-- DATA FOR THIS EXERCISE --

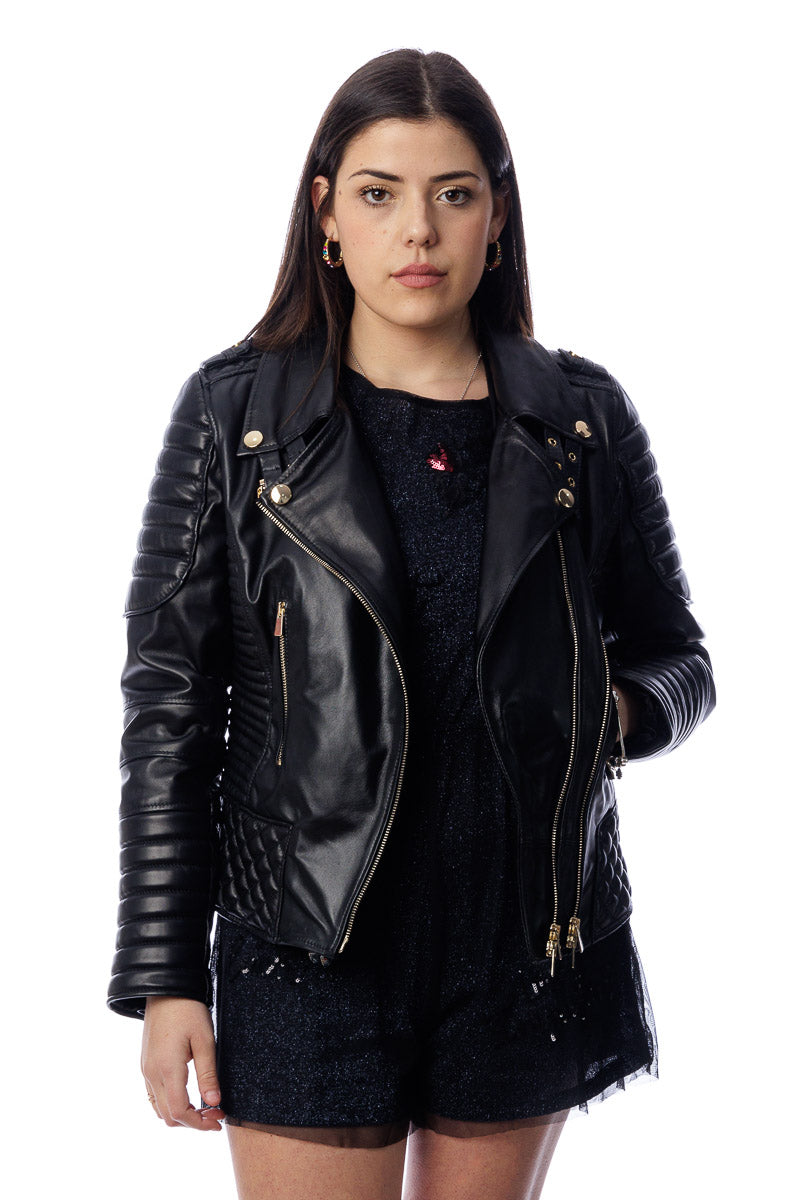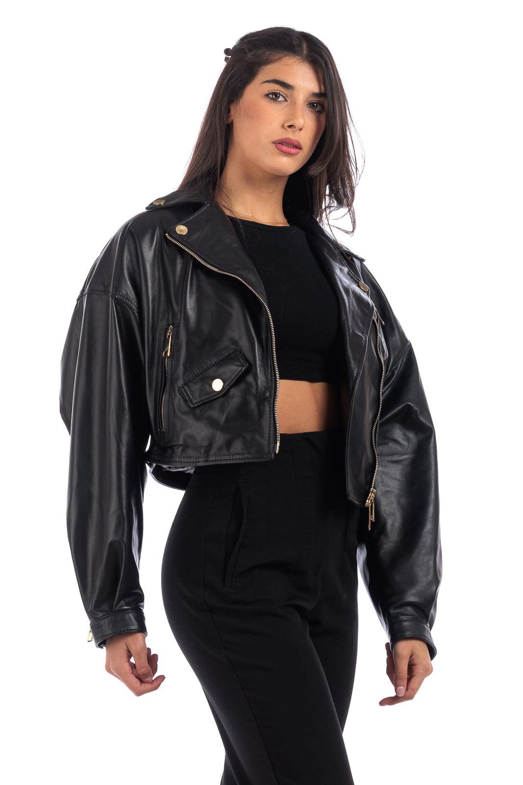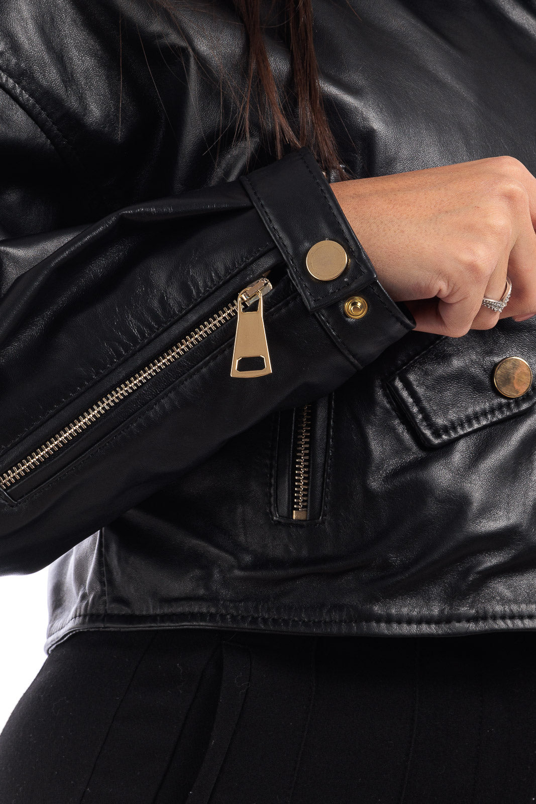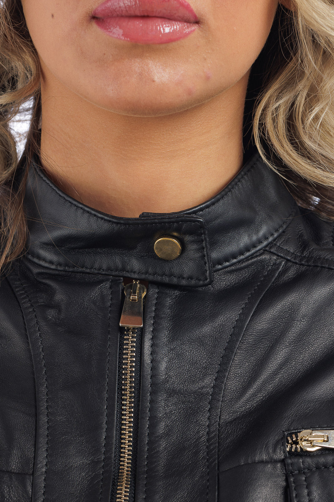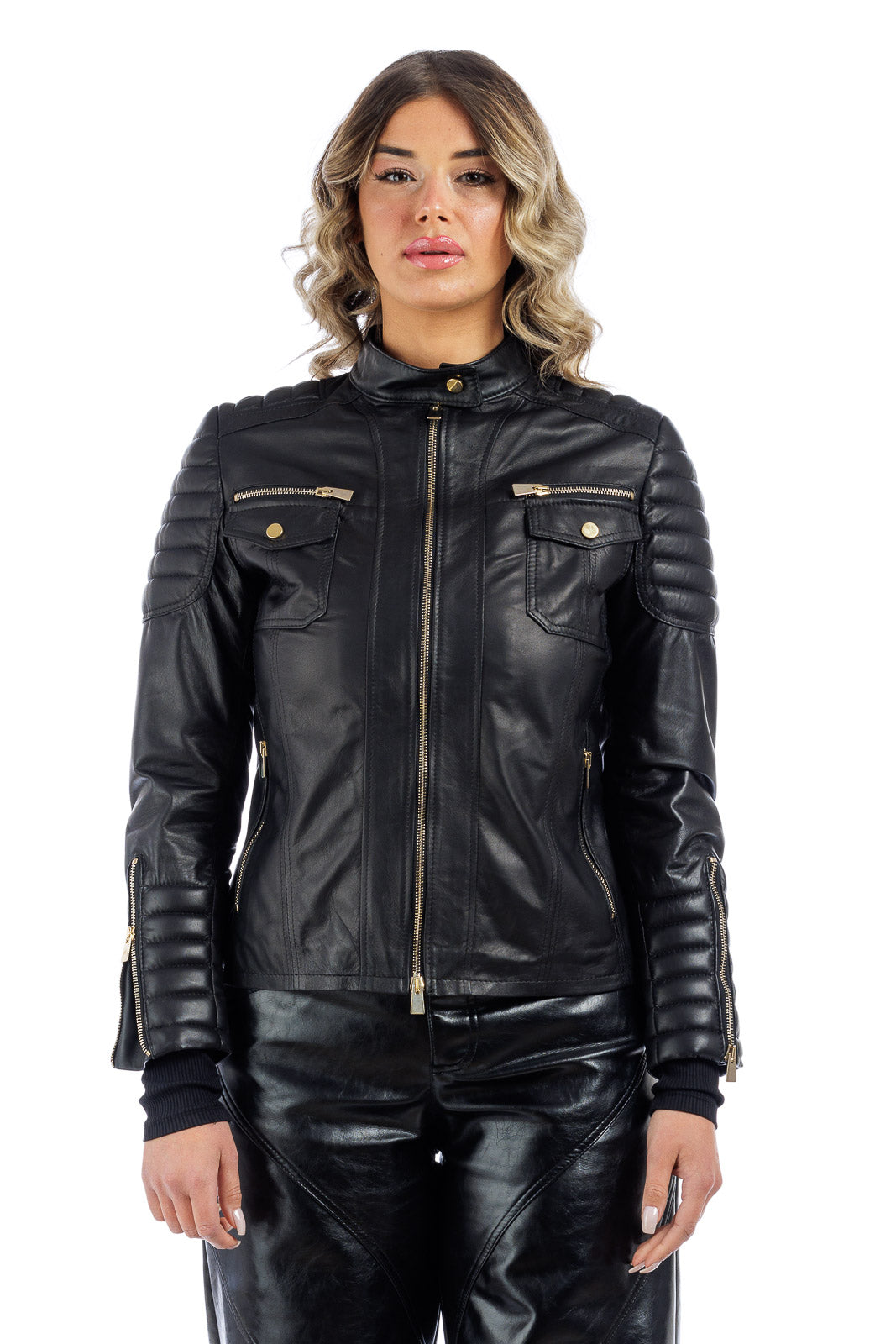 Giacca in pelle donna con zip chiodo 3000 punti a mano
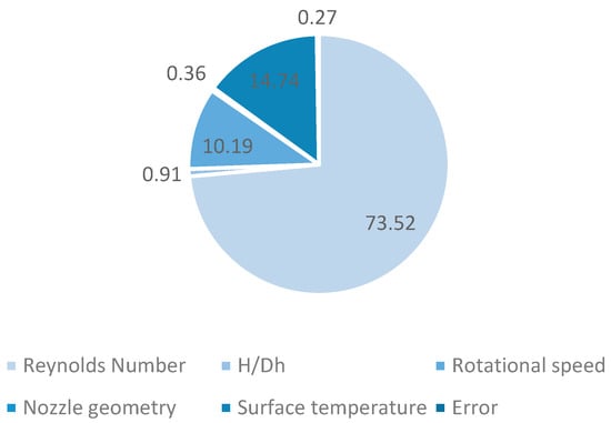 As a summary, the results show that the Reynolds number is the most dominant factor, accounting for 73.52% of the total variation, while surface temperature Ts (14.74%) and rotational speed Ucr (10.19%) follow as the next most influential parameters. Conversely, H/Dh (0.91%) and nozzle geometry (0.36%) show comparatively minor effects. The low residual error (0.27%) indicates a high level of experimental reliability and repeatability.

---

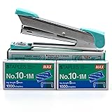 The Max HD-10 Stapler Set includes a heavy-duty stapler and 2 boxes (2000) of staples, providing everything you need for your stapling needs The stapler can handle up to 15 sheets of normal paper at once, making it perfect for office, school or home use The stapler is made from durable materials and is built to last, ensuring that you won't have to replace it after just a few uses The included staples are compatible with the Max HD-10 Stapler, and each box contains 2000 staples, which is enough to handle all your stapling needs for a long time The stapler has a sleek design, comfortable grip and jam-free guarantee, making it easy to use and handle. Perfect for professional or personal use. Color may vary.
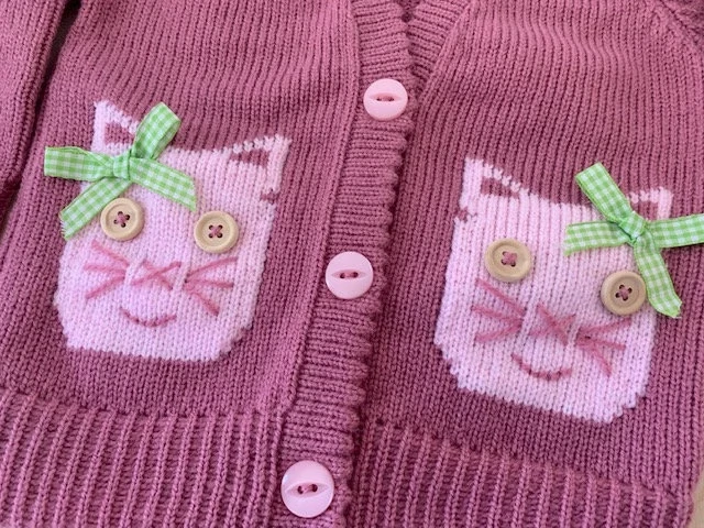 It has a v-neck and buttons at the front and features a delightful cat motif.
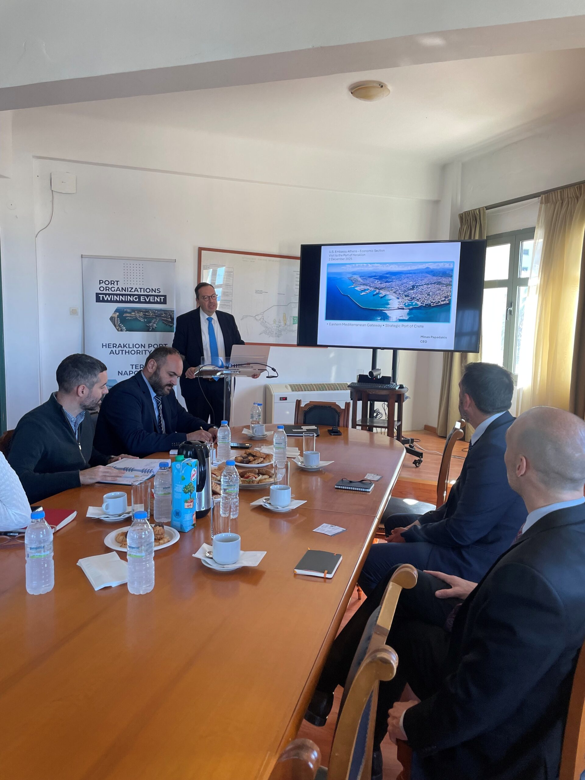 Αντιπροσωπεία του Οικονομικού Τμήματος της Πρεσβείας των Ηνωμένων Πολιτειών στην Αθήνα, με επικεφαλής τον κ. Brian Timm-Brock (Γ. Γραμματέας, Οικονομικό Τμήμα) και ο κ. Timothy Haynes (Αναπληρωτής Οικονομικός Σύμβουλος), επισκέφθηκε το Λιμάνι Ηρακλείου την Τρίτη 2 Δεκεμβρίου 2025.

-- GOAL OF THE EXERCISE --
Reproduce the data above exactly, but only from the line containing "It has a v-neck" through the line containing "Αντιπροσωπεία του Οικονομικού"; skip the pictures.

-- ANSWER BELOW --
 It has a v-neck and buttons at the front and features a delightful cat motif.
 Αντιπροσωπεία του Οικονομικού Τμήματος της Πρεσβείας των Ηνωμένων Πολιτειών στην Αθήνα, με επικεφαλής τον κ. Brian Timm-Brock (Γ. Γραμματέας, Οικονομικό Τμήμα) και ο κ. Timothy Haynes (Αναπληρωτής Οικονομικός Σύμβουλος), επισκέφθηκε το Λιμάνι Ηρακλείου την Τρίτη 2 Δεκεμβρίου 2025.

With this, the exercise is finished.